Шатаясь, он кутался в окровавленную старую куртку, подбитую кроличьим мехом, и все еще зажимал рану, хотя кровь в ней уже свернулась. Белеющие пальцы стягивали ворот, пытаясь сохранить ускользающее тепло. Мужчина еще не осознал, что это остывает его тело. Ноги несли его вперед, и как безумец, придерживаясь за заборы чужих домов, он стремился туда, где его ждут и любят.
Его зрение угасало, и теперь он скорее искал свой дом по запаху. Вишня. Мелкие розовые цветки на высоком раскидистом дереве делали его родное жилище узнаваемым даже ночью.
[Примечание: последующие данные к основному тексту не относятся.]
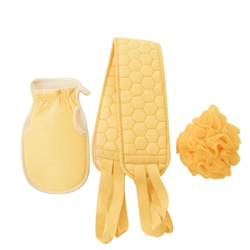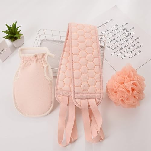 - مجموعة 3 في 1 - فرشاة تقشير الظهر + قفاز ليفة للتقشير + كرة إسفنجية للاستحمام، سهلة التنظيف للظهر والقدمين والكتف وحتى الوجه بشكل كامل.
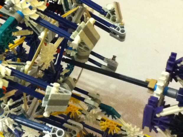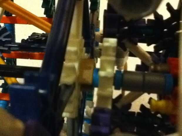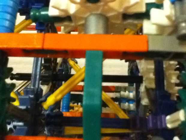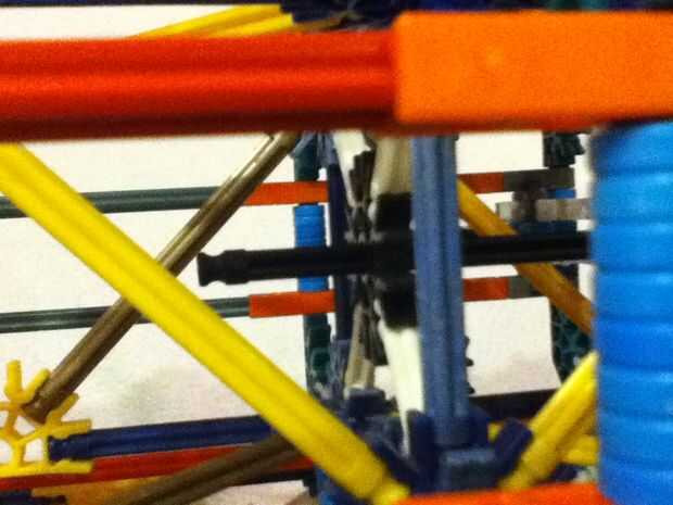 Ahora, deslice la parte posterior de la Asamblea de barril sobre el árbol de impulsión de la carcasa de transmisión. La barra de negro debe pasar a través de los dos conectores de círculo más posterior en el centro de la base del cañón. La cerradura tan en el árbol de impulsión debe participar el círculo blanco trasero para que dé el Asamblea de barril con el árbol.
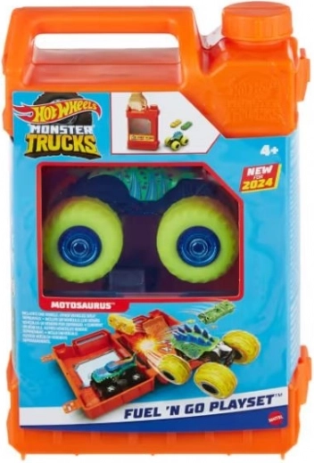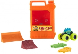 Duik in epische avonturen met de Hot Wheels Monster Trucks Jerrycan Fuel 'N Go speelset! Deze gedetailleerde set in de vorm van een benzinejerrycan klapt open tot een mini-arena voor stunts en een reparatiezone. Met het meegeleverde Motosaurus-voertuig op schaal 1:64 rijd je moeiteloos de ramp op en ram je twee wrakauto’s. Extra voertuigen en trucks vergroten het niveau van verwoesting! (Bevat twee wrakauto’s. Overige voertuigen op de afbeeldingen zijn apart verkrijgbaar.)
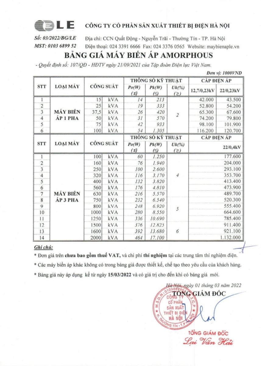 Với các loại máy biến áp LE có công suất ngoài bảng giá, quý khách vui lòng liên hệ hotline 0964.929.256 để được tư vấn và báo giá.
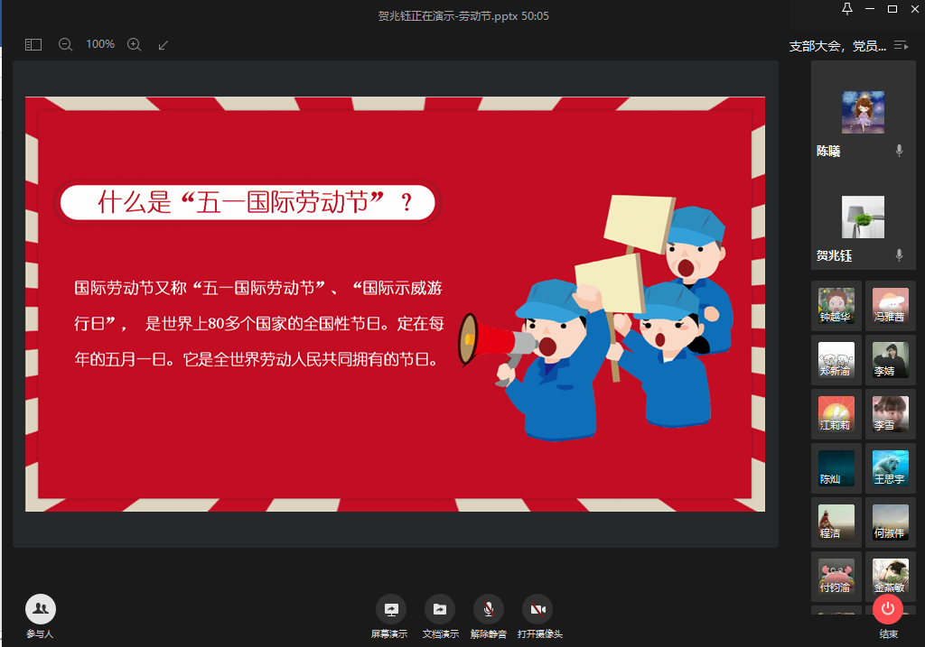 2020年5月1日11:00,学生第三党支部在线开展了主题为“劳动教育”的党日活动,支部书记陈曦老师,程洁老师以及三支部全体学生党员参加了此次活动。

Он вдыхал воздух, пропуская его через нос, и все пытался уловить сладкие нотки, которые бы подсказали ему, что его цель достигнута.
А желал он не многого. Замутненный разум шептал только одно: «Вернуться к своим девочкам».
Даже умерев, он не мог простить себе того, что оставил дочерей совсем одних и, повинуясь своей последней мысли, своей боли и страху мертвый отец пытался вернуться домой. Туда где за бедным накрытым цветной скатертью столом сидят его красавицы и ждут, поглядывая в окошко.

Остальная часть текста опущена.